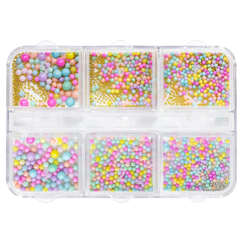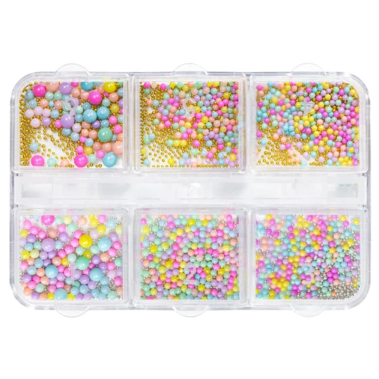 Ozdoby do paznokci Caviar & Round Bubble Beads w wiosenno-letnich kolorach pozwalają tworzyć wyjątkowe wzory. Zestaw zawiera błyszczące, drobne kuleczki w srebrnym i złotym kolorze, zwane kawiorem oraz wielobarwne kuleczki o różnych wielkościach w pastelowych odcieniach różu, fioletu, zieleni, żółci, pomarańczu i błękitu. Ozdoby zapakowane w praktyczny pojemnik z 6 przegrodami.
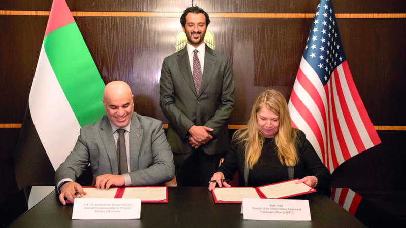 وجرى توقيع المذكرة بحضور وزير الاقتصاد، عبدالله بن طوق المري، حيث وقع من جانب دولة الإمارات الوكيل المساعد لقطاع الملكية الفكرية بوزارة الاقتصاد، الدكتور عبدالرحمن حسن المعيني، ومن جانب الولايات المتحدة، وكيل وزارة التجارة الأميركية للملكية الفكرية، ومدير مكتب الولايات المتحدة لبراءات الاختراع والعلامات التجارية، كاثرين ك. فيدال.
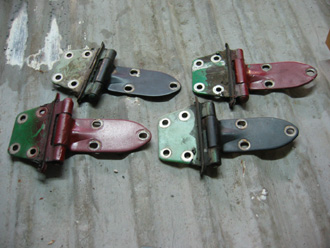 Anschließend werden dann in mühsamer Fummelarbeit die drei restlichen Türscharniere abgeschraubt und ich hoffe, dass ich sie mit den eingegangenen Tips der letzten Woche auch auseinanderbekomme.
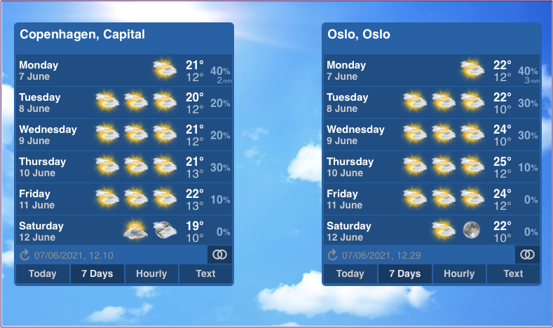 天気ドックは、気温だけでなく、天気予報も表示します。予想される風の範囲。さらに、風がどの方向から来ているのか、さらに予想される雨の量もわかります。
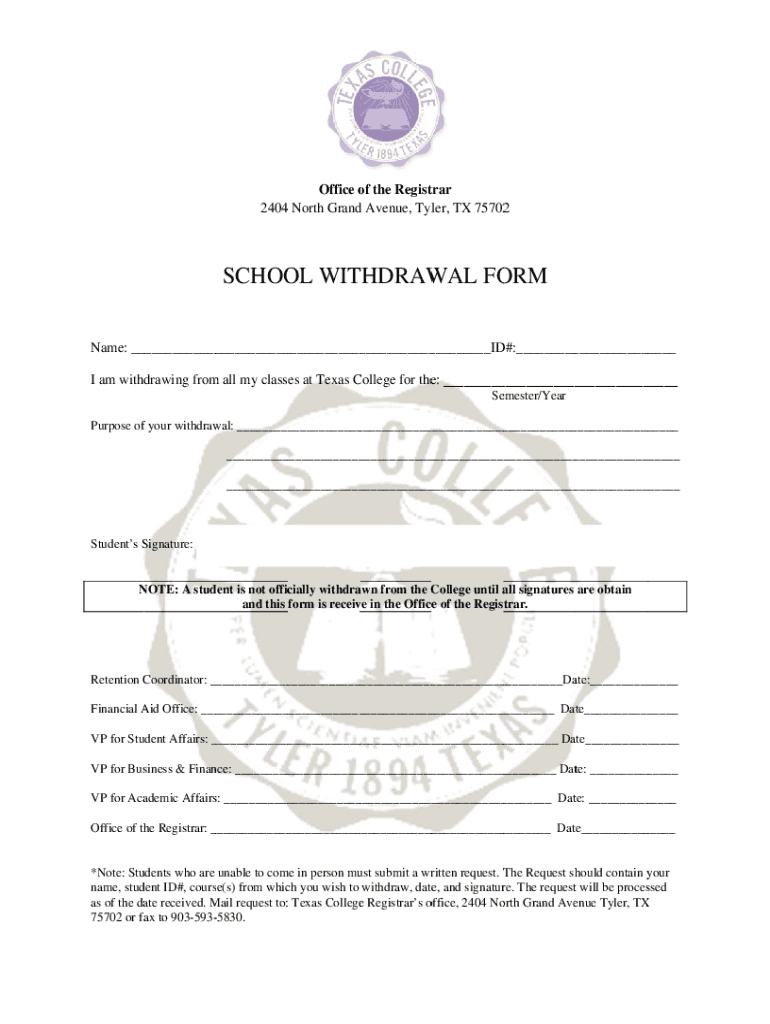 Printify You Close This Page All Info Is Voicemail RegistrarOffice of the Registrar 2404 4 North Grand d Avenue, Tyler, TX 757022SCHOO OF WIT THD RAW WA LFO ORM ___ ___ ___ ___ID D#:___ Name: __ I
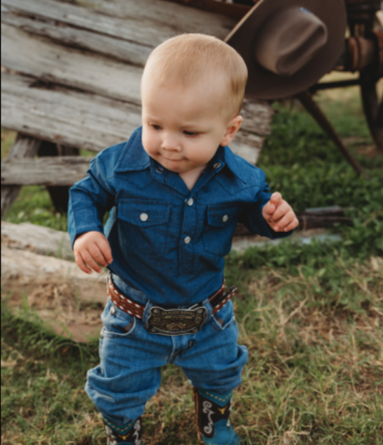 Dark Denim LS Pearl Snap Onesie Baby (0-18M)
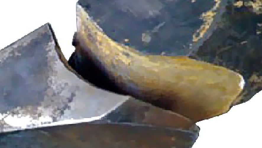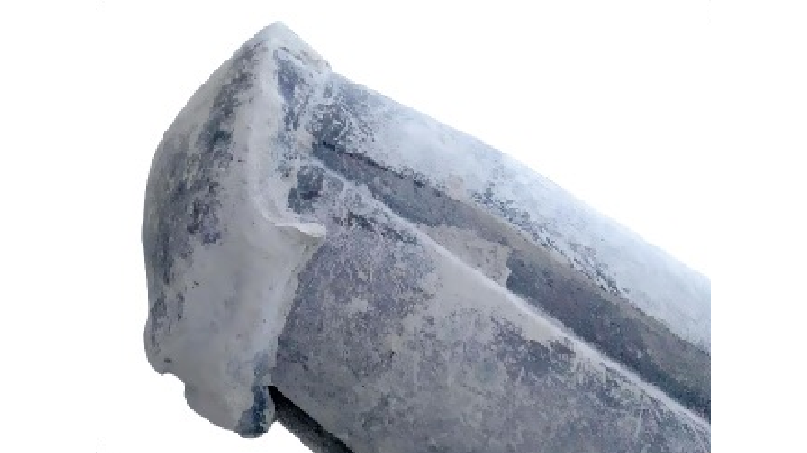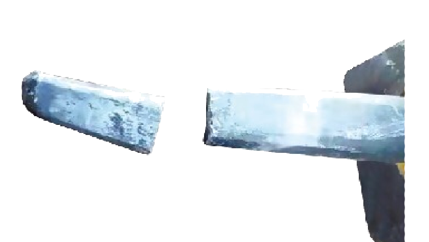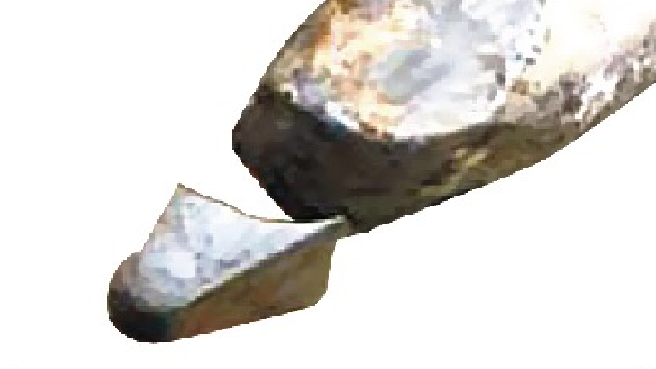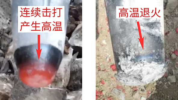 因长时间在同一处打击钎杆,能量聚集导致钎杆升温,造成退火硬度降低,致使尖部损坏出现以下类似情况之一的不质保。
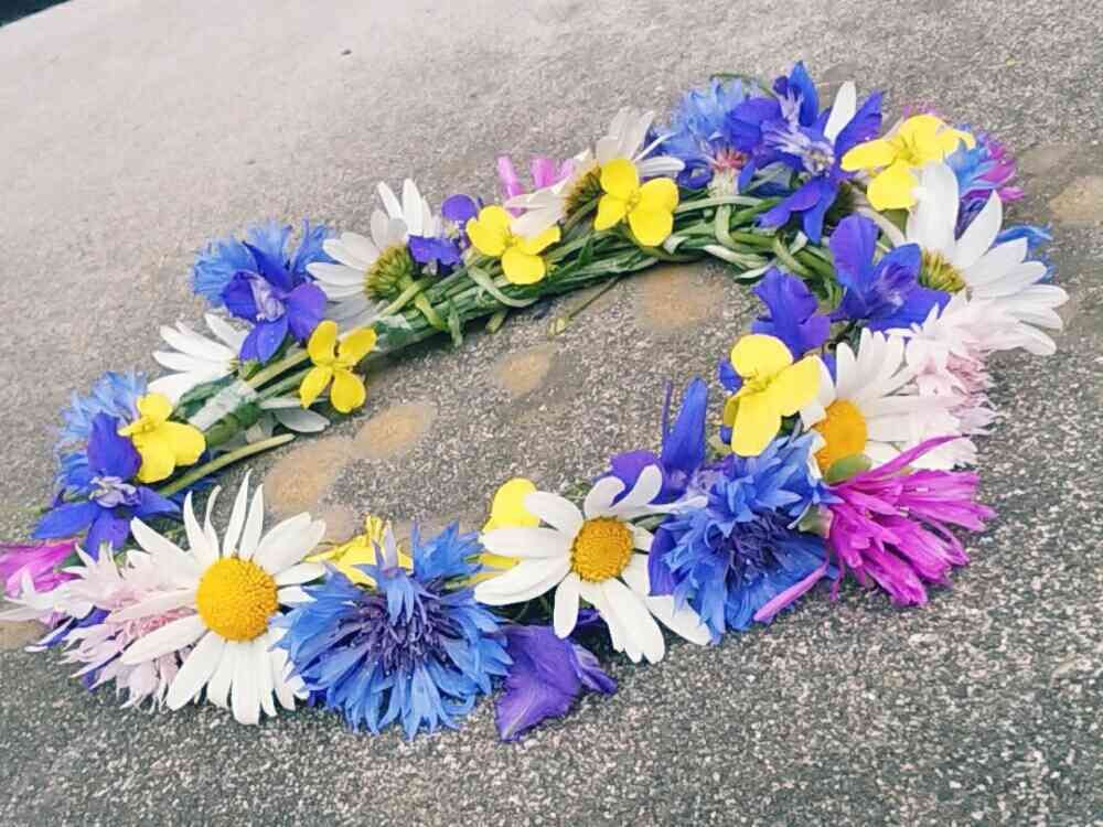 シャスターデージー、ヤグルマギク、マツバギク、ナノハナ、チドリソウで作った花冠です😊
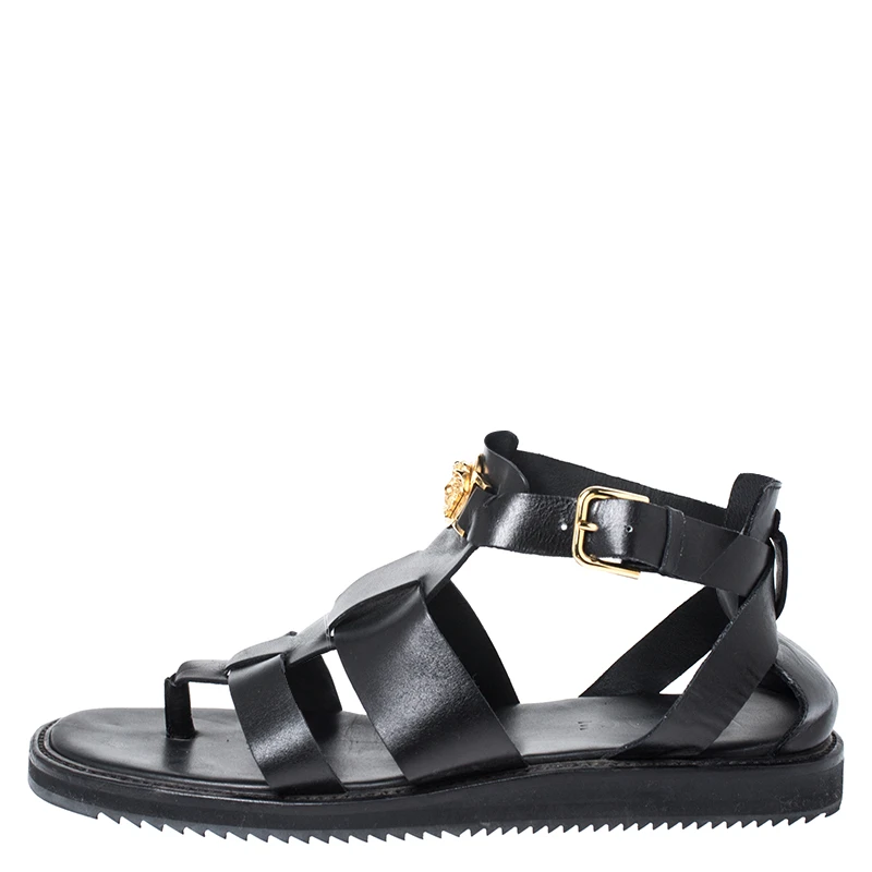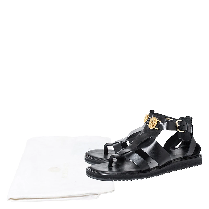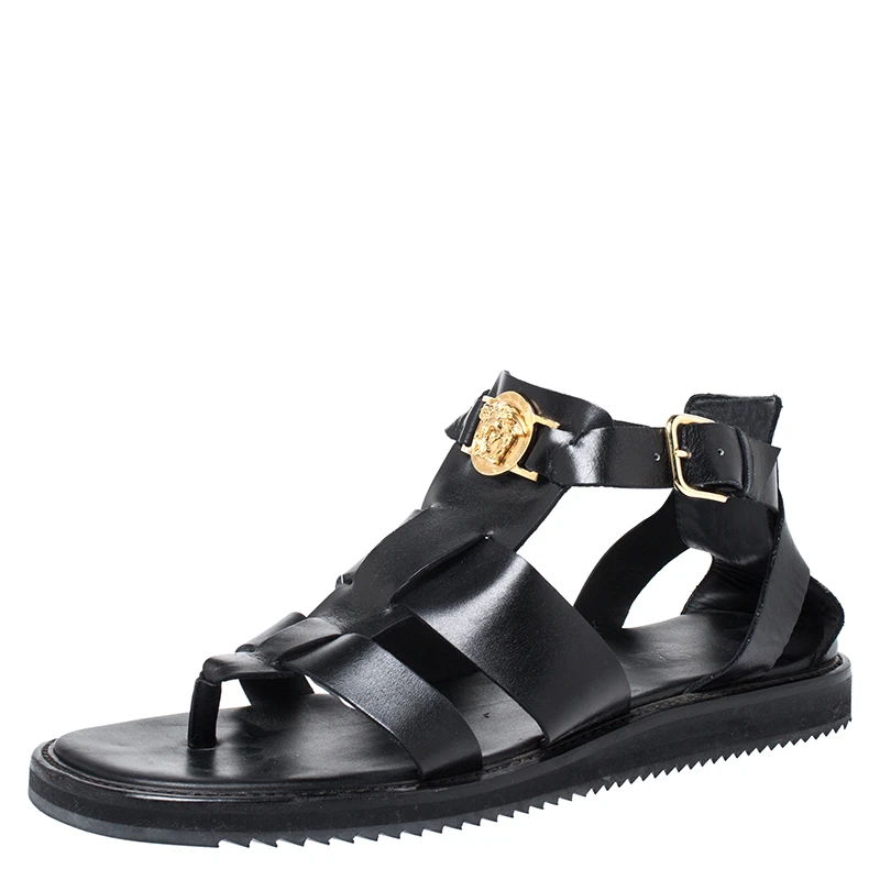 Versace Black Leather Medusa Gladiator Flat Sandals Size 43 For Men
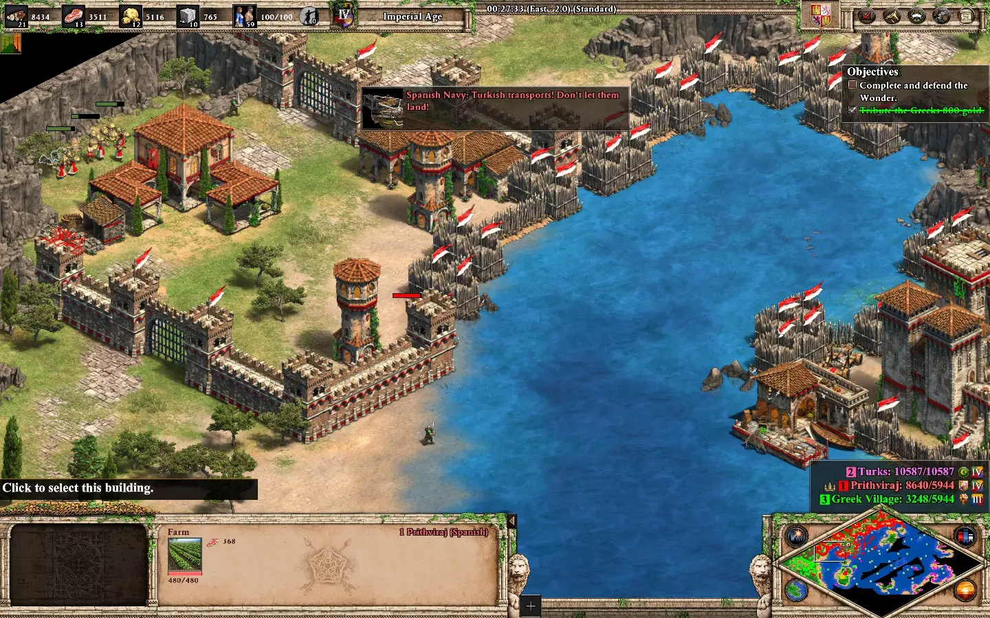 危机管理 完成“帝国之果”关卡,且不要求中等或高额贡金。 地图在你完成奇观目标后开始,所以慢慢来收集资源,准备舰队和防御。两侧塔楼上部署散兵足以防御,直到你从贡金中获得足够黄金。你会缺乏黄金,所以准备好用廉价单位进行防御。 记得在奇观的计时器结束前选择“低贡金”。你会收到少量黄金,这能降低盟友叛乱的几率(即使几率低,他们也可能变成敌人)。 准备一支强大的海军开始推进敌人的基地。在盟友因可能叛乱而变成敌人之前迅速行动,这会减少贡金数量。获胜该地图后你将获得成就:Within the Long Walls

____________

WHAT THE TASK ASKS ▸ Please write out exactly the lines starting at the one that contains "因长时间在同一处打击钎杆,能" and ending with the final line of the entries, both ends included. Do not write out any pictures.

ANSWER SECTION ▸
 因长时间在同一处打击钎杆,能量聚集导致钎杆升温,造成退火硬度降低,致使尖部损坏出现以下类似情况之一的不质保。
 シャスターデージー、ヤグルマギク、マツバギク、ナノハナ、チドリソウで作った花冠です😊
 Versace Black Leather Medusa Gladiator Flat Sandals Size 43 For Men
 危机管理 完成“帝国之果”关卡,且不要求中等或高额贡金。 地图在你完成奇观目标后开始,所以慢慢来收集资源,准备舰队和防御。两侧塔楼上部署散兵足以防御,直到你从贡金中获得足够黄金。你会缺乏黄金,所以准备好用廉价单位进行防御。 记得在奇观的计时器结束前选择“低贡金”。你会收到少量黄金,这能降低盟友叛乱的几率(即使几率低,他们也可能变成敌人)。 准备一支强大的海军开始推进敌人的基地。在盟友因可能叛乱而变成敌人之前迅速行动,这会减少贡金数量。获胜该地图后你将获得成就:Within the Long Walls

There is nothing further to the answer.